[MXS-3893] read/write split service incorrectly times out valid sessions on master if timeout happens on replica Created: 2021-11-24 Updated: 2021-12-08 Resolved: 2021-12-08 |
|
| Status: | Closed |
| Project: | MariaDB MaxScale |
| Component/s: | Core |
| Affects Version/s: | 2.5.14 |
| Fix Version/s: | 6.2.1 |
| Type: | Bug | Priority: | Major |
| Reporter: | Rick Pizzi | Assignee: | markus makela |
| Resolution: | Fixed | Votes: | 0 |
| Labels: | None | ||
| Description |
|
The connection_timeout feature does not check whether the connection is truly idle before it kills it. Sessions that are actively performing some operation and are waiting for a result should be left alone. Original description: If using read/write split service and connection_timeout is set in service, if one of the connections on replica servers times out, it kills the master connection too, even if it has a valid transaction running and therefore is not idle. Connect to maxscale with connection_timeout set to 30 seconds and execute the following:
As you can see this transaction is killed by maxscale every time. Thanks |
| Comments |
| Comment by markus makela [ 2021-11-24 ] | ||||||||||||||||||||||||||||||||||||||
|
Tested with 2.5.16 and this is what I got:
MaxScale logged this:
What exactly do you mean by transaction will never complete? Do you mean that it never successfully completes or it never completes because it hangs? | ||||||||||||||||||||||||||||||||||||||
| Comment by Rick Pizzi [ 2021-11-24 ] | ||||||||||||||||||||||||||||||||||||||
|
Session on master gets killed, transaction is rolled back. | ||||||||||||||||||||||||||||||||||||||
| Comment by markus makela [ 2021-11-24 ] | ||||||||||||||||||||||||||||||||||||||
|
Did MaxScale log the Timing out warning when this happened? If so then it was MaxScale that closed the connection. | ||||||||||||||||||||||||||||||||||||||
| Comment by Rick Pizzi [ 2021-11-24 ] | ||||||||||||||||||||||||||||||||||||||
|
Of course it's maxscale. That's what this bug is about. | ||||||||||||||||||||||||||||||||||||||
| Comment by markus makela [ 2021-11-24 ] | ||||||||||||||||||||||||||||||||||||||
|
OK, now it's clear. The part about replica timing out is what confused me. This appears to be expected behavior for 2.5. It only uses the network idle time (seconds since last network read/write) as the measurement. There is this warning in the documentation:
This should be clarified in 2.5 to explain that neither transactions nor active operations prevent connections from being killed and only the time since the last network read is used. Fixing this in 2.5 is not a small change but this can be fixed easily for version 6 where the required changes to the internal APIs have already been made. | ||||||||||||||||||||||||||||||||||||||
| Comment by Rick Pizzi [ 2021-11-24 ] | ||||||||||||||||||||||||||||||||||||||
|
markus makela the issue is not what you described above. | ||||||||||||||||||||||||||||||||||||||
| Comment by markus makela [ 2021-11-24 ] | ||||||||||||||||||||||||||||||||||||||
|
OK then it's not yet clear to me. Did MaxScale log a message like this when this happened for you?

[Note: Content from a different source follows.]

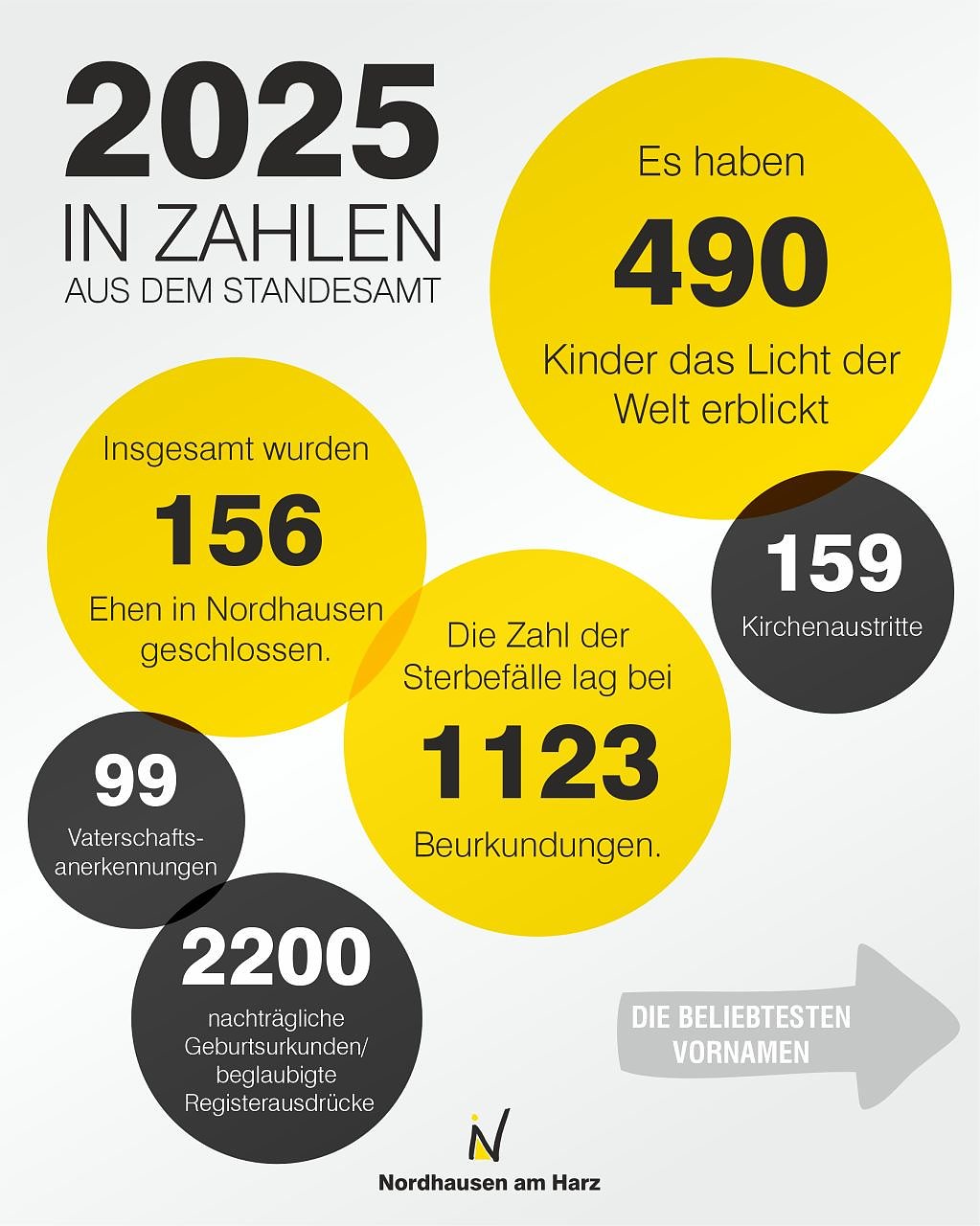 Ebenfalls gestiegen ist die Zahl der Sterbefälle auf 1123 (2024 – 1095). 490 Neugeborene wurden im Jahr 2025 in Nordhausen beurkundet, davon 252 Jungs und 238 Mädchen. Besonders beliebt bei den Eltern waren dabei folgende Namen:

| ||||||||||||||||||||||||||||||||||||||
| Comment by Rick Pizzi [ 2021-11-24 ] | ||||||||||||||||||||||||||||||||||||||
|
Yes | ||||||||||||||||||||||||||||||||||||||
| Comment by markus makela [ 2021-11-24 ] | ||||||||||||||||||||||||||||||||||||||
|
OK then it's the same mechanism that I described. MaxScale doesn't check the backend connections at all in 2.5 which is why it times out the client when the client TCP connection is idle longer than the configured connection_timeout value. From MaxScale's point of view, the client has been idle when in fact it is not idle as a query is being executed ( the select sleep(35); part). As for transactions, I think a connection with an open transaction still respects wait_timeout which means MaxScale should behave the same way when connection_timeout is used. | ||||||||||||||||||||||||||||||||||||||
| Comment by Rick Pizzi [ 2021-11-25 ] | ||||||||||||||||||||||||||||||||||||||
|
markus makela the TCP connection is idle in my example, but it's not the cause of the bug. Once again: the root cause is the replica connection being idle, not the master TCP connection. | ||||||||||||||||||||||||||||||||||||||
| Comment by markus makela [ 2021-11-25 ] | ||||||||||||||||||||||||||||||||||||||
|
If the client TCP conenction is not idle then it is a separate bug. Any time the warning: Timing out ... message is logged the connection is closed as the client TCP connection has been idle for longer than the configured idle timeout value. The replica or master connections have no bearing on why MaxScale closes the connection. I do understand that this is not the desired behavior which is why I think we should fix this. As for the case when the client connection is not idle, do you have a way to reproduce that? This sounds more like an unknown bug that would happen because an unrelated connection is somehow closed. | ||||||||||||||||||||||||||||||||||||||
| Comment by Rick Pizzi [ 2021-11-25 ] | ||||||||||||||||||||||||||||||||||||||
|
To reproduce the customer's situation, just create a database with a large table (that takes more than connection_timeout to be dumped) and then run a mysqldump on it through maxscale with the --single-transaction option so it will be sent to master. Error 2013: Lost connection to MySQL server during query when dumping table `rick3` at row: 4976300 |